By Turna Ray
Researchers at the Translational Genomics Research Institute have published data that suggests the possibility of using RNAi screening to develop targeted combination treatments for ovarian cancer.
Last month in Gynecologic Oncology, Shilpi Arora of TGen's Pharmaceutical Genomics Division and colleagues published results from a study in which they searched for proteins linked to cisplatin response by conducting a high-throughput RNAi screen of 572 kinases in the ovarian cancer cell line SKOV3.
"Our data provides kinase targets that could be exploited to design better therapeutics for ovarian cancer patients," the study authors reported. In the study, researchers also demonstrate "the effectiveness of high-throughput RNAi screening as a tool for identifying sensitizing targets to known and established chemotherapeutic agents."
The researchers discovered 55 siRNAs that augmented cisplatin's ability to inhibit the growth of ovarian cancer cells. According to the paper, inhibition of ATR and CHK1 "resulted in the greatest modulation of cisplatin response."
In order to examine the therapeutic implications of this finding, the researchers blocked CHK1 with a small molecule agent, PD 407824, and found that it sensitized the cancer cells to cisplatin.

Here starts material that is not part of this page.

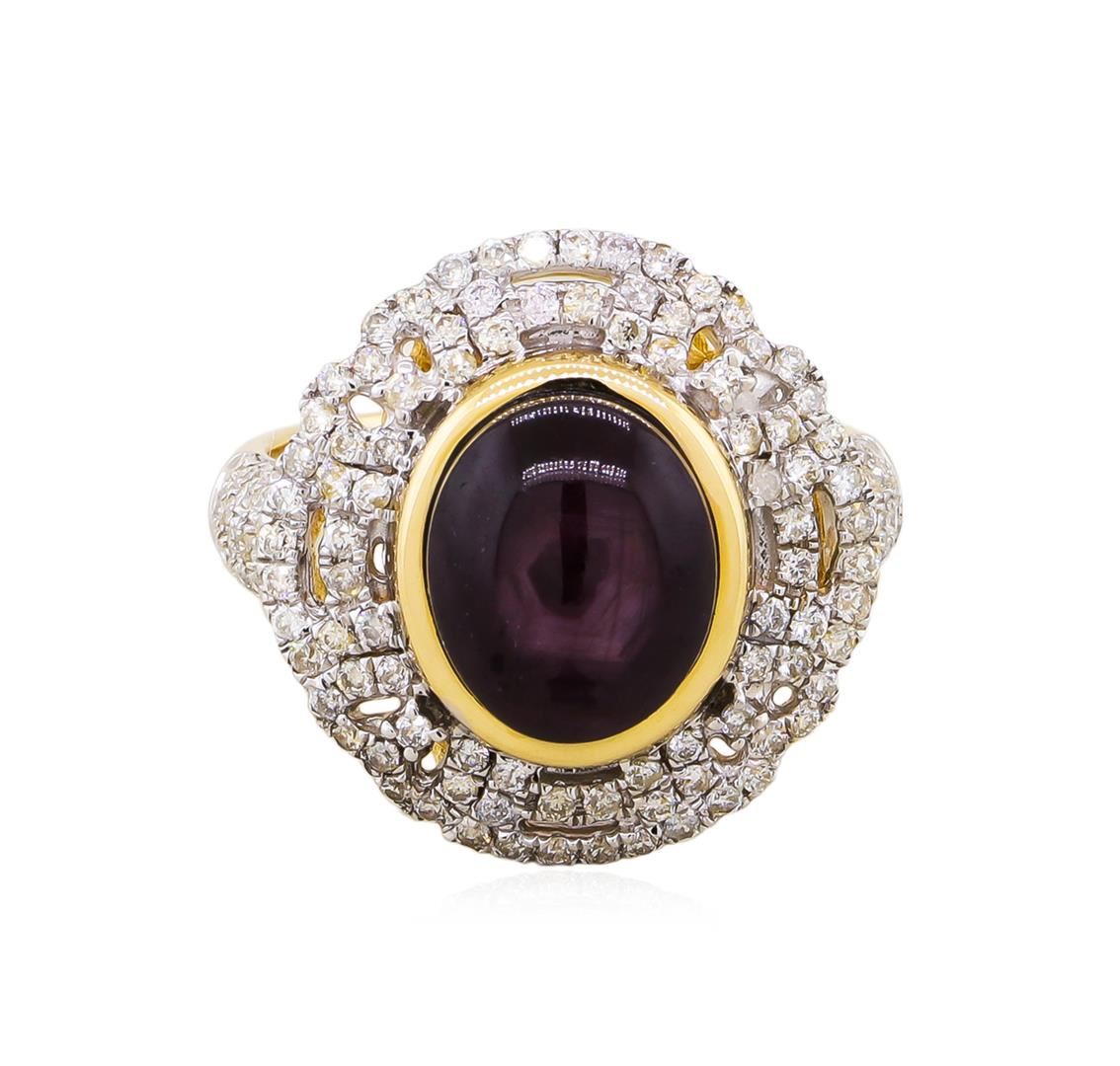 Fourteen Karat (14K) Yellow Gold Star Ruby And Diamond Ring. An Oval Cabochon Cut Star Ruby Corundum Gemstone Is Prong Mounted In The Center The Ring, Round Brilliant Diamonds Accent The Ring Around And On Both Sides Center Gemstone. The Ring Is Cast Stamped "14K' And Has A Weight Of 8.4 Grams. Diamonds: Shape: Brilliant Cut. Weight: O.99 Carat. Average Clarity: Si2-I1. Average Color: H-J. Symmetry: Very Good. Polish: Very Good. Gemstone: 7.34 Carat Natural Unheated Star Ruby. Nature: Natural (Asterism). Shape: Oval Cabochon. Quantity: L, Mounted. Weight: 7.34 Carat. Dimensions: Length-10.65Mm, Width--8.83Mm. Bulge: Visible. Clarity: Si, Type 3. Color: Red (5/5), Symmetry: Very Good. Color Intensity: Medium. Transparency: Transparent. Tone: Dark. Enhancements: No Indications Of Heating (Unheated). Metal: Gold. Stamped. Purity: 14K. Color: Yellow. Condition: Excellent. Finish: High Polish. GGA Appraised at $6,490.00.

Although the concepts being explored by TGen require validation, there is certainly potential for applying the RNAi screening hypothesis generated by TGen's research in commercial drug development. The hypothesis may be of interest to several drug companies currently exploring investigational CHK1 inhibitors in combination with other chemotherapeutic agents including Pfizer, Merck, Lilly, and AstraZeneca.
In March, TGen published a paper in Drug Discovery in Pancreatic Cancer, titled "Application of High-Throughput RNAi in Pancreatic Cancer Target Discovery and Drug Development," which discussed the application of genome-scale RNAi to identify therapeutic targets.
Raoul Tibes, senior co-author on the Gynecologic Oncology paper, confirmed that TGen Clinical Research Services "has a study with a CHK inhibitor in pancreatic cancer patients," but did not identify the agent.
Additionally, Tibes' lab has performed large-scale RNAi studies in leukemias and identified "potent sensitizers" to readily used chemotherapies. He said he and his research team are working on bringing combinations of chemotherapies with CHK1 inhibitors and other inhibitors that interfere with DNA repair into the clinic for patients with leukemias and hematological malignancies.